Baseline, pre-existing IL-2-secreting cross-reactive T cells, likely primed by prior exposure to endemic hCoVs, were associated with protection against acquiring SARS-CoV-2 infection after household exposure. The lack of a spike-specific differential suggests that non-spike targets (e.g., N, ORF1) may be more relevant for protective cross-reactive T cell immunity. The kinetics in PCR-negative contacts—declines in circulating cross-reactive T cells after exposure—imply biological engagement, possibly trafficking to the respiratory mucosa. In PCR-positive contacts, seroconversion (RBD antibodies) and robust induction of both IFN-γ and IL-2 T cells to conserved epitopes validate the peptide pools and confirm infection.

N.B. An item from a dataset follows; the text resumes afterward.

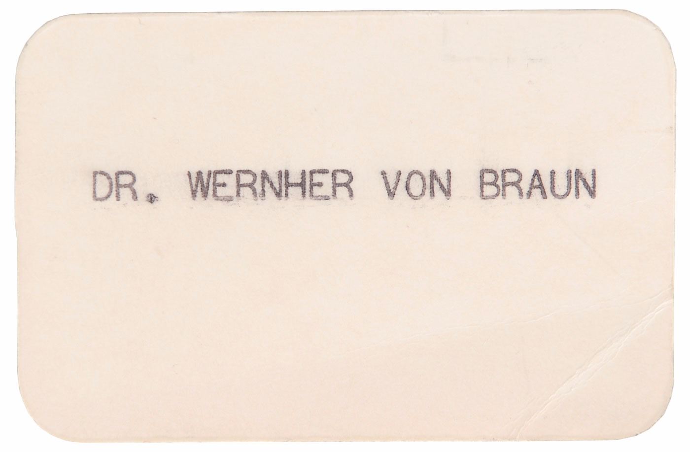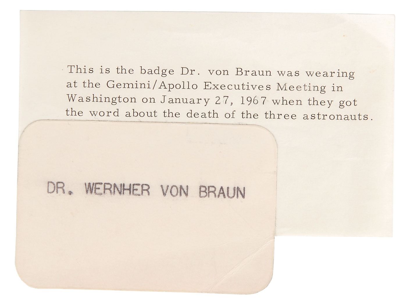 Wernher von Braun's name badge, 3.5 x 2.25, simply reading "Dr. Wernher von Braun," affixed to a caption typed by von Braun's longtime assistant Bonnie Holmes, "This is the badge Dr. von Braun was wearing at the Gemini/Apollo Executive Meeting in Washington on January 27, 1967 when they got the word about the death of the three astronauts." In very good to fine condition, with a crease to the lower right corner.

These findings provide evidence that pre-existing, non-spike cross-reactive memory T cells can contribute to sterilizing protection in SARS-CoV-2–naïve individuals, supporting T cell-focused vaccine strategies that include conserved non-spike antigens to mitigate immune escape by spike variants.

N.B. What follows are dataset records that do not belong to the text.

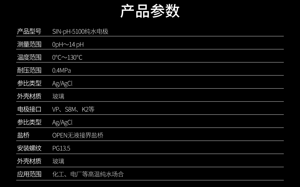 pH-5100 電極使用耐壓半球形 pH 敏感膜,混合膠 GMT 構成的中介電介質,Ag/AgCL/KCL 外參比體系,無鹽橋 (OPEN)開口液接界所構成。CN4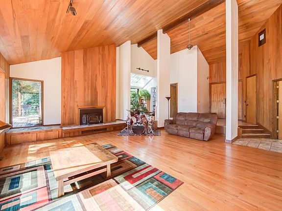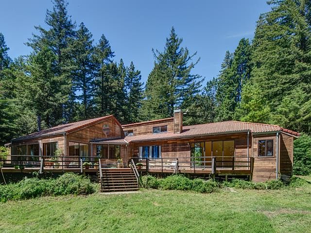 13 miles outside of Gilroy & 25 miles to Santa Cruz, this private oasis shines among the Redwoods. The home has an open floor plan with vaulted ceilings, a spacious living room, and a separate family room. The master suite has its own fireplace along with access to two decks. A sunny sitting area is located outside two of the bedrooms and the 2,400 square feet of decking offers additional living & entertaining space. The property also has a barn, a campsite with separate utilities, fruit trees, and views of the City lights.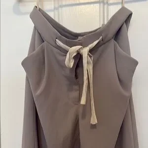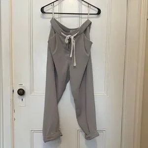 Gray trouser pants with drawstring waist. Light weight and comfortable. Minimal wear.

The study demonstrates that higher baseline frequencies of non-spike, cross-reactive IL-2–secreting memory T cells correlate with protection from SARS-CoV-2 infection in exposed household contacts, whereas spike-specific responses did not differ between infected and uninfected groups. This supports incorporating conserved non-spike antigens (e.g., N, ORF1) into second-generation vaccines to elicit protective T cell immunity resilient to spike antigenic drift. Future research should validate these findings in larger, diverse cohorts, delineate the phenotype and tissue homing of protective T cells (including mucosal compartments), define precise protective thresholds, and assess vaccine designs that broaden T cell targets.

- Modest sample size (n = 52) limits statistical power and generalizability. - Limited age range with few children; no association with age detected, but age effects cannot be fully assessed. - Inability to adjust associations for symptom severity or peak viral load because baseline cross-reactive T cells were largely absent in PCR-positive contacts. - Potential measurement constraints: peripheral blood sampling may not capture mucosal T cell responses; dynamic trafficking could influence circulating frequencies. - Some methodological details (e.g., epitope pool composition, assay parameters) rely on in silico predictions and previously validated epitopes, which may not capture all relevant cross-reactive determinants.